#### What you will do:
Give the listing again, word for word, and let no picture into it.

─── Supplied material ───

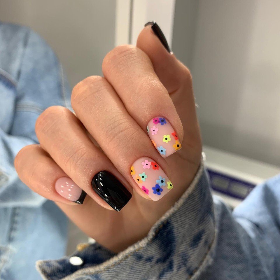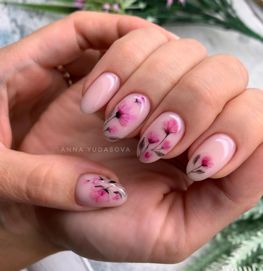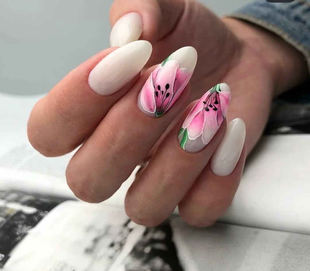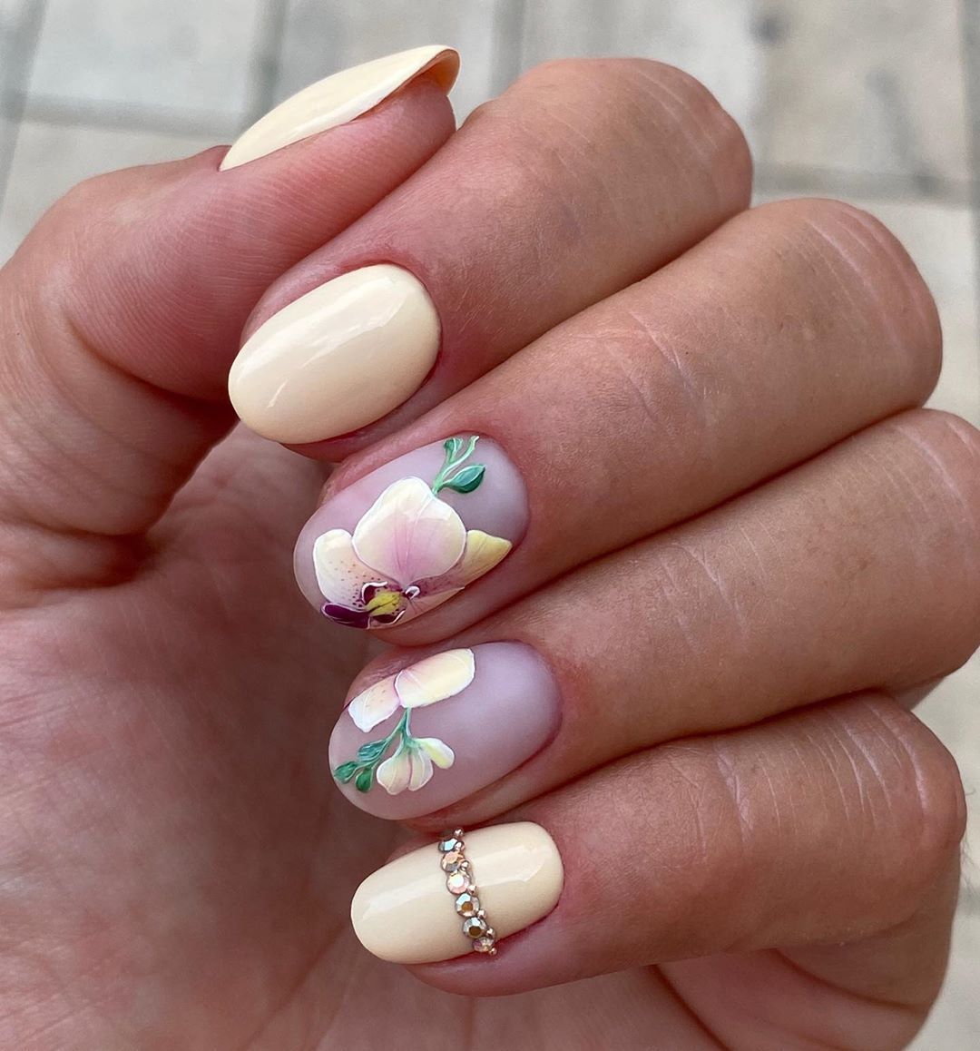Цветы и другая флористика — самый актуальный вариант для маникюра в мае. Вы можете отдать предпочтение скромным минималистичным рисунками или сделать дизайн «под обои», когда на ноготки наносят богатый густой рисунок цветов с симметричным исполнением. Такой дизайн лучше всего смотрится на матовой темной основе.
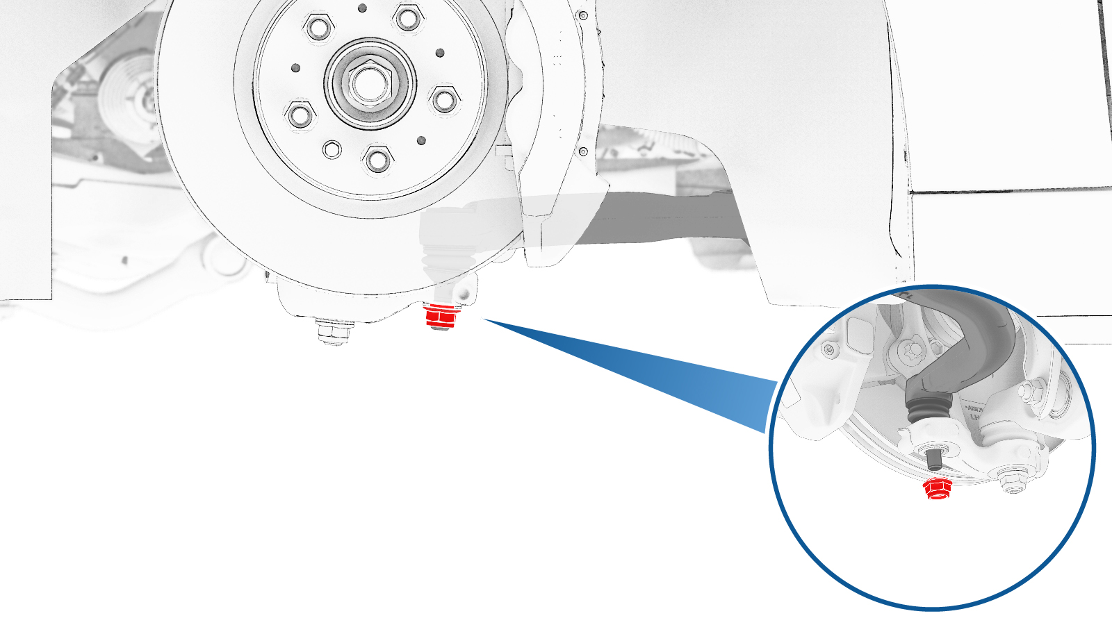 手动拧紧新的螺母,将左前下方挠性连杆固定到转向节,然后紧固螺母。
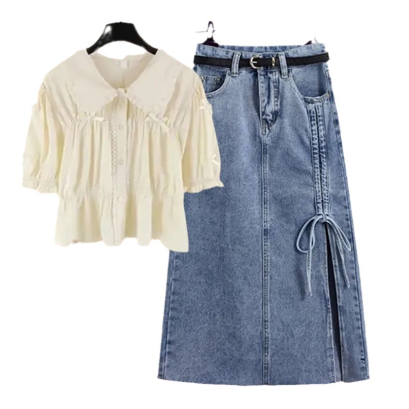 夏季大码时尚套装女新款洋气减龄娃娃领短袖上衣牛仔裙两件套

───

#### Task output:
Цветы и другая флористика — самый актуальный вариант для маникюра в мае. Вы можете отдать предпочтение скромным минималистичным рисунками или сделать дизайн «под обои», когда на ноготки наносят богатый густой рисунок цветов с симметричным исполнением. Такой дизайн лучше всего смотрится на матовой темной основе.
 手动拧紧新的螺母,将左前下方挠性连杆固定到转向节,然后紧固螺母。
 夏季大码时尚套装女新款洋气减龄娃娃领短袖上衣牛仔裙两件套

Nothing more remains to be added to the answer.